Я привлек тех, кого мало печатали или не печатали вообще, потому что они были остры: Горина, Арканова, Розовского, Богословского, Сашу Иванова — я открыл его тогда. И еще я открыл 200–250 авторов хорошего класса, включая такого мальчика, как Сережа Бодров, который недавно чуть не получил премию «Оскар» за свой фильм «Кавказский пленник».

Мы работали очень тяжело: потому что было надо мной девять цензур. Причем, я был беспартийный — ты не забудь! И меня контролировало девять вышестоящих товарищей, включая двух членов редколлегии, двух замов и главного редактора в конце концов. Если им что-то не нравилось, они ставили галочку — и материал слетал. Единственное, чего я добился: каждый материал я показываю четырем разным людям; четыре раза — одному нравится, другому не нравится. После четырех раз, если он не нравится, материал шел в папку «нет», и я больше не мог его показывать. У меня была папка «нет» в два этажа. Для того, чтобы сделать одну газетную страницу, я делал их четыре — каждую неделю. Это почти шестнадцать страниц на машинке, почти печатный лист. Печатный лист первоклассного юмора и сатиры — довольно трудное дело.

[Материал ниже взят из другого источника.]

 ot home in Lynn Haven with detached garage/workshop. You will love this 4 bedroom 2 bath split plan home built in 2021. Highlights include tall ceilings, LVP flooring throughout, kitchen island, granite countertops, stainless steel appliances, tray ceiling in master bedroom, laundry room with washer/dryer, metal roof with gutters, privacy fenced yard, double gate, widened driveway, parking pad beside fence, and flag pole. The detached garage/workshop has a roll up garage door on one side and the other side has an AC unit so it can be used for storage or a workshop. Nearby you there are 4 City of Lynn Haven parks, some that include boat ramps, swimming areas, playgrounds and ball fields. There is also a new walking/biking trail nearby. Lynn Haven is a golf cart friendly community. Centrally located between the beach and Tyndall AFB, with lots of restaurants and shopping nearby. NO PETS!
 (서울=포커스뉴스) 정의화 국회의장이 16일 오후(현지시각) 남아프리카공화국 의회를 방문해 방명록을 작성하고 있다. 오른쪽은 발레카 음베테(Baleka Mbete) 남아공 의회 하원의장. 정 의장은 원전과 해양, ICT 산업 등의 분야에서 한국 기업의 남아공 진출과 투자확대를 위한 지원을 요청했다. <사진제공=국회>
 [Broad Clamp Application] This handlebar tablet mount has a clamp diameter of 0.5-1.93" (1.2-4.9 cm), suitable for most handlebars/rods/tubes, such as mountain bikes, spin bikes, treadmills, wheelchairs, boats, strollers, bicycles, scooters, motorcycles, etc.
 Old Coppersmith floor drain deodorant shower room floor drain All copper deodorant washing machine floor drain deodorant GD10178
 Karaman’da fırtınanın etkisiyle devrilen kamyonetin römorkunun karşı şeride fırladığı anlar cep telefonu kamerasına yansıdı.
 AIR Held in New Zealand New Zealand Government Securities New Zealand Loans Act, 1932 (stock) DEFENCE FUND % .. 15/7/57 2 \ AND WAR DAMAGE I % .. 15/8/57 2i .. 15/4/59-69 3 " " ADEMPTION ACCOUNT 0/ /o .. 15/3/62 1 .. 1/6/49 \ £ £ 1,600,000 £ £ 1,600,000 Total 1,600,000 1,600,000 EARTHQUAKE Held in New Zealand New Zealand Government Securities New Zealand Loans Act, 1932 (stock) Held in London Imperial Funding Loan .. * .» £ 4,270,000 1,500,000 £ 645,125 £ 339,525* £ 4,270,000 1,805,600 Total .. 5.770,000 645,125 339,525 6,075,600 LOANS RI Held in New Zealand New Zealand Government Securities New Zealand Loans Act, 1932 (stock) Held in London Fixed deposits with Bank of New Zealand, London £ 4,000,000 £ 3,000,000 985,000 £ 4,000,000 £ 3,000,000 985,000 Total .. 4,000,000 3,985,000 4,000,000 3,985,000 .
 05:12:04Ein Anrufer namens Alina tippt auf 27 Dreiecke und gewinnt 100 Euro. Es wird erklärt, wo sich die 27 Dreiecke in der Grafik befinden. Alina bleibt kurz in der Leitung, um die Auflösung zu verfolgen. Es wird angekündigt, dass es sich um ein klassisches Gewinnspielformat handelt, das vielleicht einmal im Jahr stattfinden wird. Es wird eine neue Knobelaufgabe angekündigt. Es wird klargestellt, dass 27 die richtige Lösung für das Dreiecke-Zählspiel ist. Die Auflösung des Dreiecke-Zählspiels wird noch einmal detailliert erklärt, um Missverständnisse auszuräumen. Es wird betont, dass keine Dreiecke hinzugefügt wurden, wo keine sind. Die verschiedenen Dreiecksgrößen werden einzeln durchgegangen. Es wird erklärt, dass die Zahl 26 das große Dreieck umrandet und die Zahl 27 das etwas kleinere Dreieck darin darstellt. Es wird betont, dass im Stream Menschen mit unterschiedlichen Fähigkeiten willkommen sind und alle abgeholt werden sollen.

Но была читательская поддержка… Потому что мы придумали читательские рубрики: «Фразы», «Рога и копыта», «Ироническая проза». В Ленинграде появилась целая плеяда сатириков, братья Шаргородские, например; приходил несчастный Довлатов, которого я никак не мог напечатать. Я воспитал целую плеяду художников-карикатуристов, и четверо из них у меня были фаворитами — Вагрич Бахчанян, Виталий Песков, Владимир Иванов и Игорь Макаров. Мы работали очень напряженно.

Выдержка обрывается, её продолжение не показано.